Finis Terrae: l’Agro Pontino si tinge di nero
Tre misteri: un atroce omicidio di un prete scomodo a capo di un comitato per la difesa del territorio, uno strano traffico di camion pieni di rifiuti e una misteriosa scomparsa di una escort dell’Est che tutti conoscono ma di cui nessuno sa nulla davvero.
Inizia così il nuovo romanzo di Gian Luca Campagna, “Finis Terrae” (Oltre edizioni), noir intenso e bruciante fin dalle prime pagine, ambientato in una immaginaria città del sud Pontino che non sarà difficile riconoscere. Un racconto che è si snoda attraverso tante storie di personaggi, che sono tanti e tutti scolpiti dalle parole dell’autore in modo perfetto, protagonisti che incroceranno i loro destini e le loro miserie umane proprio cercando le risposte a quei tre enigmi tragici che si narrano all’inizio. Difficile indicare un protagonista centrale in questo bellissimo romanzo, il lettore con naturalezza si calerà nei panni di uno dei tanti “attori” in scena che sono raccontati con pennellate emozionali prima robuste e poi delicate come a definirne i contorni, scoprendo lati narrativi di una profondità spiazzante e sorprendente per chi legge, che inizia la lettura pensando di aver tra le mani un semplice thriller, scoprendo quasi subito di aver tra le mani un romanzo a tutto tondo, un orologio di parole scandite con precisione e grande maturità letteraria.

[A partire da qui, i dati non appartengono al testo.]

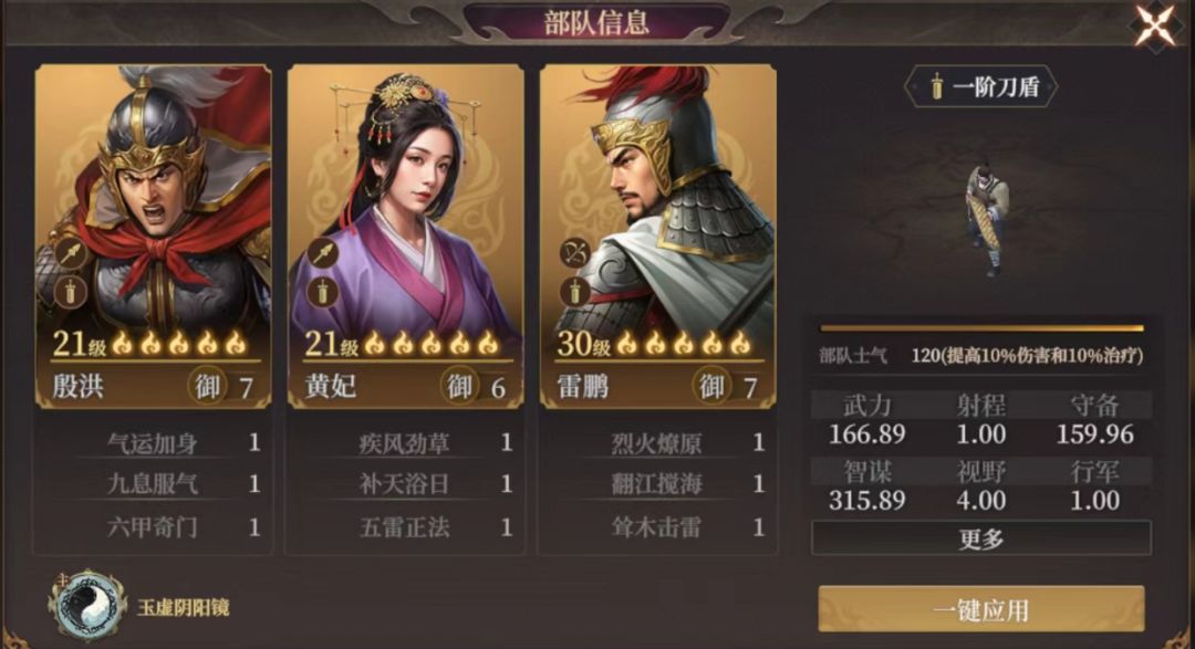 殷洪+黄妃+雷鹏,加点全智力。殷洪提供全队减伤和续航回复,黄夫人概率补伤害或回血,再由雷鹏打出多段智谋伤害。该阵容优点是续航能力强且成本较低,缺点在于减伤受限,且缺乏增伤手段,爆发能力一般。

E tra i tanti personaggi c’è il giornalista disilluso, che ha amato la sua donna e la sua terra e che da tutte e due è stato tradito e che comprende che trovando la soluzione a quei tre misteri può trovare la pace interiore che, per ora, trova soltanto nel Rum; c’è l’ex portiere di calcio che ha sposato la figlia di un ricco agricoltore della zona che lo ha messo a libro paga e che lo considera solo una figurina Panini sbiadita; c’è l’ex cecchino serbo da cui tutti prendono le distanze ma che poi tutti cercano per risolvere quelle cose che non si confessano neanche a se stessi. Ma questi sono solo alcuni dei tanti uomini e delle tante donne narrate, tutti straordinariamente intrecciati tra loro in uno sciame umano dove miserie e nobiltà si fronteggiano, si equivalgono e forse in questa lotta senza esclusione di colpi soccombono entrambe.
Gian Luca Campagna scrive con una prosa agile ed abile, che affascina e attanaglia fin da subito avvolgendo il lettore che, siamo certi, difficilmente potrà separarsi dalla lettura prima di aver sfogliato l’ultima pagina. Agli uomini e alle donne di questo scorcio di Agro Pontino l’autore non fa sconti, sono loro, questi personaggi raccontati così bene la causa dei mali di questa ex palude l’Italia che nata come giardino agricolo del Paese è stata spesso aggredita corrosa e inquinata. Ecco, leggendo oltre le righe di questo splendido romanzo noir scopriremo senza neanche troppi filtri l’amore di Campagna per la sua terra e il suo grido di dolore per il dissesto attuale che come giornalista lui conosce e che così bene arriva tra le righe del libro.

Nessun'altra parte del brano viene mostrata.